Rather than building a new filesystem, one could write a block device with snapshot support, and then run ext2fs on top. This would allow less control: for example I think the filesystem would have to be remounted read-only for a moment to take a consistent snapshot, and ext2fs's allocation optimizations would be confounded if the blocks were actually not allocated linearly. This could perhaps plug in through the loopback block device, network block device or some similar hook. I suspect it would be much less code than to implement a whole filesystem from scratch.

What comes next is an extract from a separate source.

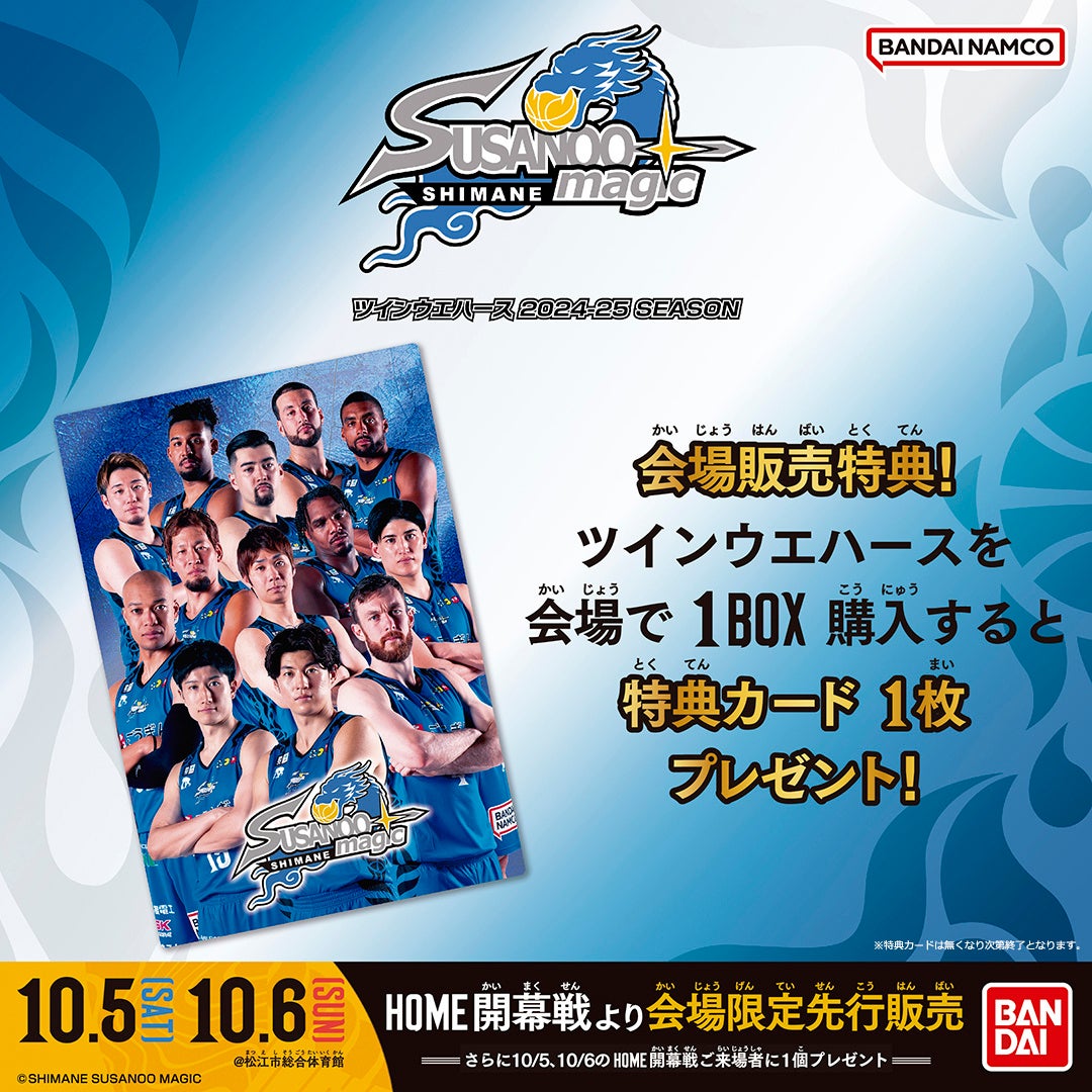 松江市総合体育館でのシーズン開幕戦では、一般販売に先駆けて「島根スサノオマジック ツインウエハース 2024-25 SEASON」をご購入いただけます。

At the time I was working entirely on my home machine, wistful.humbug.org.au. As was probably inevitable, buggy code eventually corrupted the buffer cache and whacked out my /home/ partition. Fortunately I had some backups, but the experience was scary enough that I decided to put the project aside until I had a sacrificial machine on which to test.
To some extent the project was a success: I learnt a lot about the internals of the filesystem area of the kernel, and had a lot of fun trying to design a decent filesystem.
So, the current code is written to the 2.0 VFS layer, and will probably need to be updated to plug into 2.2 or 2.4. It will, more or less, let you
Snapshots are partly implemented but they are not usable.
The code is licensed under the GNU GPL and available for download here: snapfs-19990401.tar.bz2. It is not usable as a filesystem at the moment, but you are welcome to do with it what you wish, within the licensing conditions. I'd be happy to hear comments.
I would still like to go back to it sometime, or perhaps implement the same feature inside some other filesystem or at a different level. Certainly there are many interesting development projects happening in Linux filesystems these days, with reiserfs, XFS, AFS, and ext3fs among the most promising.